Figure 2. Overview of PROMPTCAP training. PROMPTCAP takes two inputs, including an image and a natural language prompt. The model is trained to generate a caption that helps downstream LMs to answer the question. During training, we use GPT-3 to synthesize VQA samples into captioning examples. The original caption is rewritten into a caption that helps answer the question. PROMPTCAP is trained to generate this synthesized caption given the image and the prompt.

图 2: PROMPTCAP训练流程概览。PROMPTCAP接收两个输入：图像和自然语言提示(prompt)。该模型被训练用于生成有助于下游大语言模型回答问题的描述文本。训练过程中，我们使用GPT-3将视觉问答(VQA)样本合成为描述文本样本。原始描述文本被重写为有助于回答问题的版本。PROMPTCAP的训练目标是根据给定图像和提示生成这种合成后的描述文本。

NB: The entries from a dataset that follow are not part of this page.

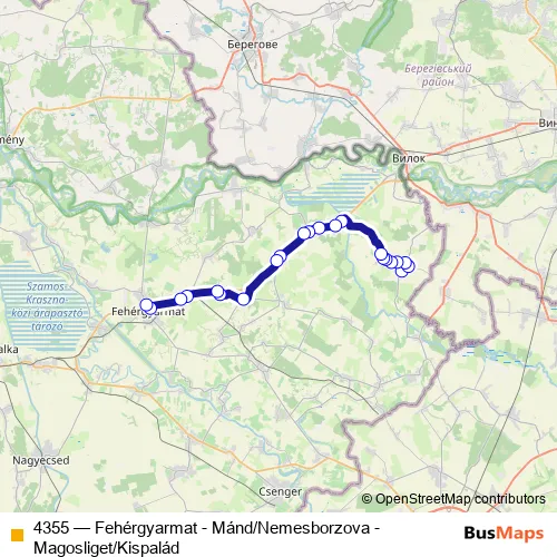 Bus 4355 - Fehérgyarmat - Mánd/Nemesborzova - Magosliget/Kispalád in Fehergyarmat: Stops & Timetable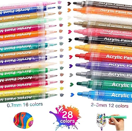 Xiapia Penne Vernice Acrilica 28 Colori Disegni Per Arti Pennarelli Per Liquidi Set Fissi Per Rocce Di Vetro Lavagna Ciottoli Pittura Su Legno Mestieri In Tessuto Di Ceramica Amazon It Casa E Cucina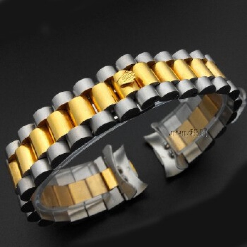 Adecuado para correas de cronometraje, adecuado para correas de acero con calendario Rolex, accesorios de reloj, tres cuentas, cadena de reloj, oro completo para hombre de 20 mm (2 piezas) * 2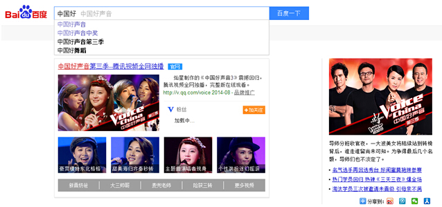 比如,网友在搜索框中输入“中国好声音”的过程中,输入一半时页面便会根据搜索关键词的变化直接跳转至相应的最新结果页“中国好声音第三季”,而网友若想查看的是“中国好声音歌曲”,只需继续输入“ge”,便可得到实时的结果反馈,整个过程无需回车或点击“百度一下”。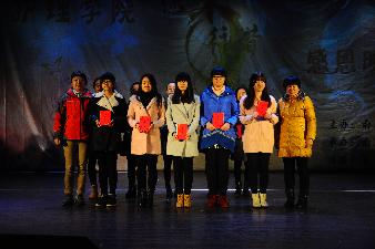 亚东奖学金一直致力于支持我校优秀同学的发展,为他们未来的求学之路提供有力的帮助,12级的施雯雯等三位同学以及13级的郭立益等三位同学、14级的朱涵菲等三位同学获得了此次奖学金。“春蚕到死丝方尽,蜡炬成灰泪始干。”老师是知识的象征,是爱心的使者。他们用生命呵护我们成长,用清贫诠释人生。他们将我们引入知识的殿堂,帮我们把握人生的航向.他们为我们做出了行为的表率,用爱心托起了明天的太阳。我们要感恩老师给予我们修养和文化,感恩老师给予我们放眼世界的慧眼。丁亚萍、李现文、钟亚萍三位老师被授予最美教师的称号,虽然他们没有来到现场,但是他们用视频传达了对同学的关心以及对学院的感谢。唐慧婷、羊洋、嵇艳、赵春华四位老师以及十六名学生用歌唱和手语的形式向我们展示了《和你一样》。父母给予我们生命,我们在他们的关爱中成长、成才、成家立业。感恩父母就是懂得孝顺。孝的源泉就是爱,爱是父母与子女之间剪不断的纽带。父母之爱是无私的,它沉浸在万物之中,充盈于天地之间。顾芳臣、吴凤怡等十三位同学用暖心诗画的形式表达了对父母的感激之情。音乐小品《长大》由赵康等17人演绎,诠释了父母对儿女们不变的爱。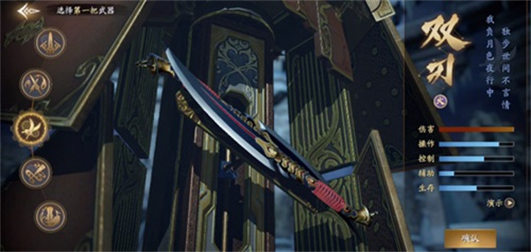 其中双刃的伤害是所有武器中最高的,棍为生存能力最强的武器。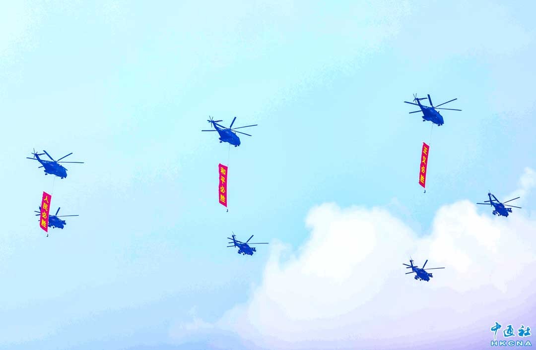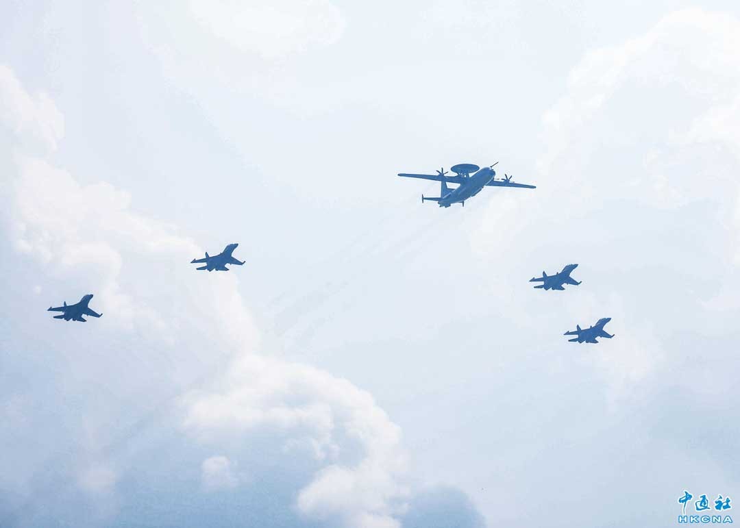 空中梯隊接受檢閱。(香港中通社記者 謝光磊攝)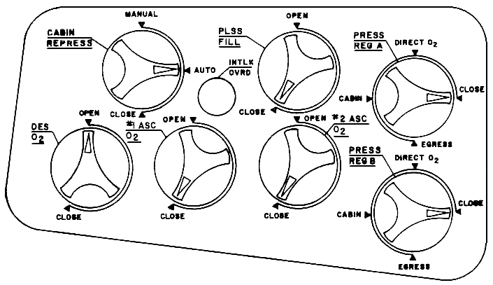 With the Cabin Gas Return valve (on the suit circuit and canisters control module) in the Egress position, the valve is closed, ensuring suit circuit integrity during unpressurized cabin operations.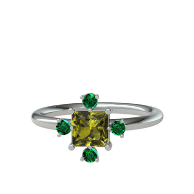 Peridot ve yeşil kuvars 14 ayar beyaz altın yüzük

its simplicity, achieves state-of-the-art results on knowledgebased VQA tasks $ (60.4%$ on OK-VQA [38] and $59.6%$ on A-OKVQA [46]). We also conduct extensive ablation studies on the contribution of each component, showing that PROMPTCAP gives a consistent performance gain $3.8%$ on OK-VQA, $5.3%$ on A-OKVQA, and $9.2%$ on VQAv2) over a generic captioning model that shares the same architecture and training data. Finally, we investigate PROMPTCAP’s generalization ability on WebQA [6], showing that PROMPTCAP, without any training on the compositional questions in WebQA, outperforms the generic caption approach and all supervised baselines.

其简洁性在基于知识的视觉问答(VQA)任务中取得了最先进的结果(在OK-VQA[38]上达到60.4%，在A-OKVQA[46]上达到59.6%)。我们还对各组件的贡献进行了广泛的消融研究，结果表明PROMPTCAP相比采用相同架构和训练数据的通用描述模型，在OK-VQA上带来3.8%的性能提升，在A-OKVQA上提升5.3%，在VQAv2上提升9.2%。最后，我们研究了PROMPTCAP在WebQA[6]上的泛化能力，结果显示未经任何WebQA组合问题训练的PROMPTCAP，其表现优于通用描述方法和所有监督基线。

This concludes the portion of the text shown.